## WHAT IS BEING ASKED
Exactly as written, transcribe the data from its opening line through the line containing "党章就是党的根本大法,是全党". Leave every picture out.

## Data entries

%%

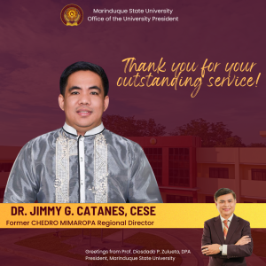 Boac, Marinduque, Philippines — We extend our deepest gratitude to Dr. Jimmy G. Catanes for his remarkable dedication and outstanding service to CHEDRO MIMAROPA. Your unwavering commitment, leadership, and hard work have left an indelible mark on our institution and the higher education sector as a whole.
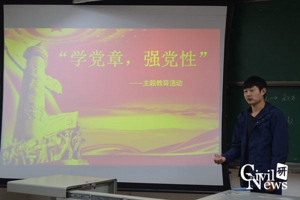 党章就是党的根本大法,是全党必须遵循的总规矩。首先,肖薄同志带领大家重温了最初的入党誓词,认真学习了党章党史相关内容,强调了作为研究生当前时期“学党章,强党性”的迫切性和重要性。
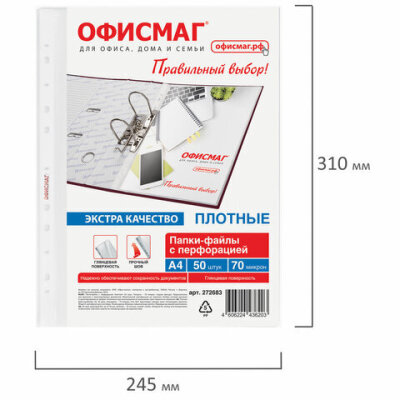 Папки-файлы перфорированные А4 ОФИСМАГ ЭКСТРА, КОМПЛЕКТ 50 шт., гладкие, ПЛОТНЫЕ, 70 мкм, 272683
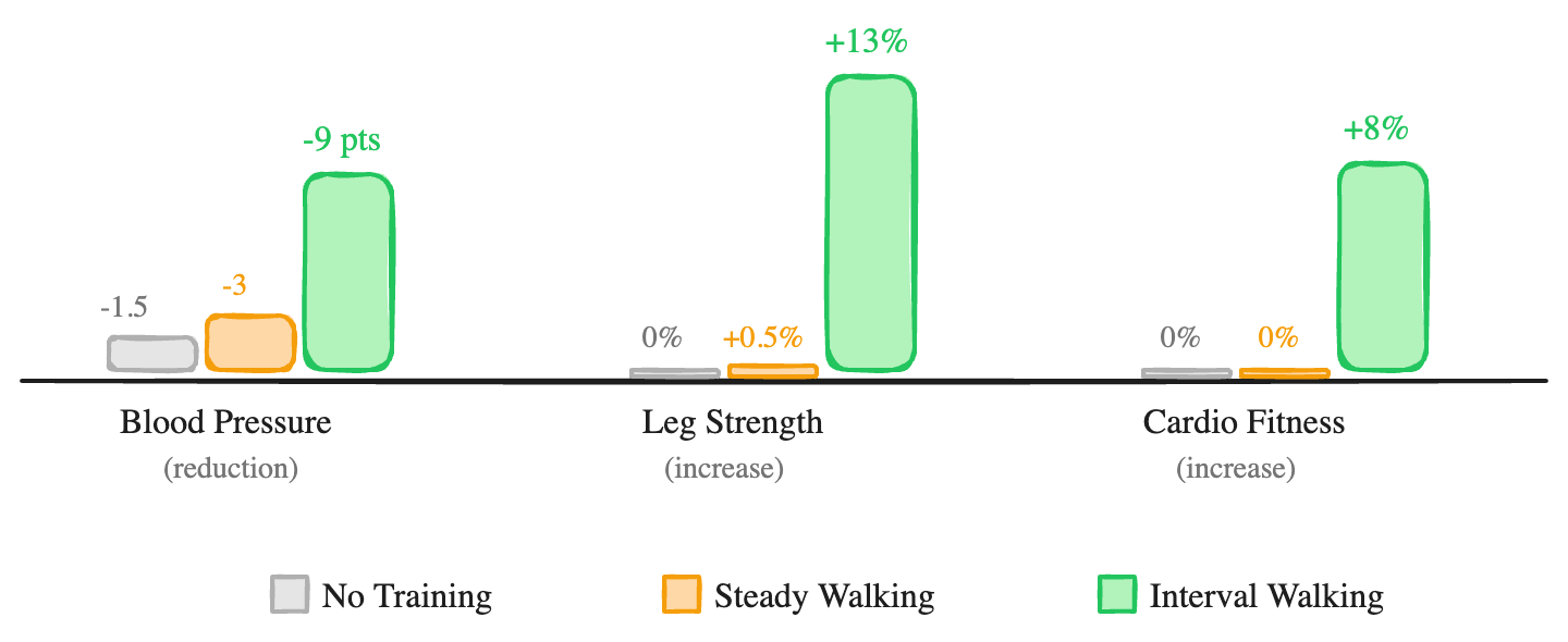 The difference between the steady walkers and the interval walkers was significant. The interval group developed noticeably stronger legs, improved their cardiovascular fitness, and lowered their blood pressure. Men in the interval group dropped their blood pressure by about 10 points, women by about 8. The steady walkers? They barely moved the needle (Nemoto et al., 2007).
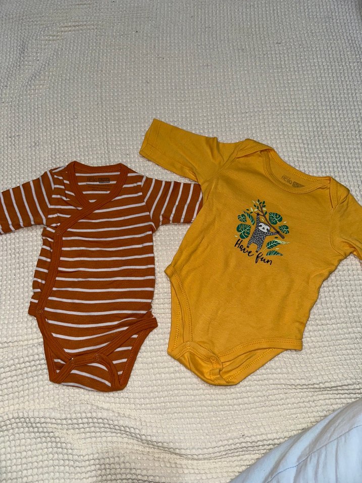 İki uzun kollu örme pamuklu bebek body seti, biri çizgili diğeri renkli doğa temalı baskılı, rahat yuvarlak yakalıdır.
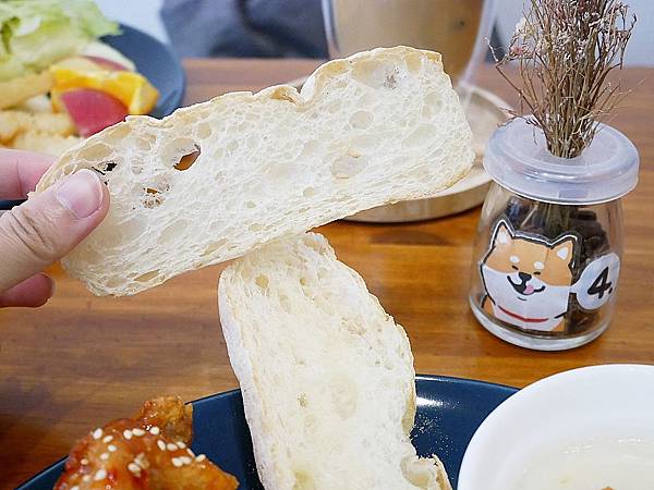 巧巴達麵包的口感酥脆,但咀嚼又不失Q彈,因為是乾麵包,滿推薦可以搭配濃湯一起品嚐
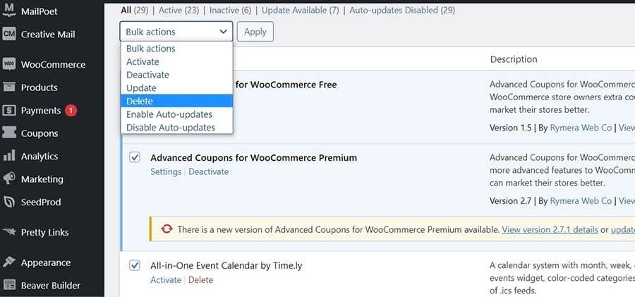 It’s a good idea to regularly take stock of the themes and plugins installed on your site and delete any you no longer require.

%%

## WRITTEN SOLUTION
 Boac, Marinduque, Philippines — We extend our deepest gratitude to Dr. Jimmy G. Catanes for his remarkable dedication and outstanding service to CHEDRO MIMAROPA. Your unwavering commitment, leadership, and hard work have left an indelible mark on our institution and the higher education sector as a whole.
 党章就是党的根本大法,是全党必须遵循的总规矩。首先,肖薄同志带领大家重温了最初的入党誓词,认真学习了党章党史相关内容,强调了作为研究生当前时期“学党章,强党性”的迫切性和重要性。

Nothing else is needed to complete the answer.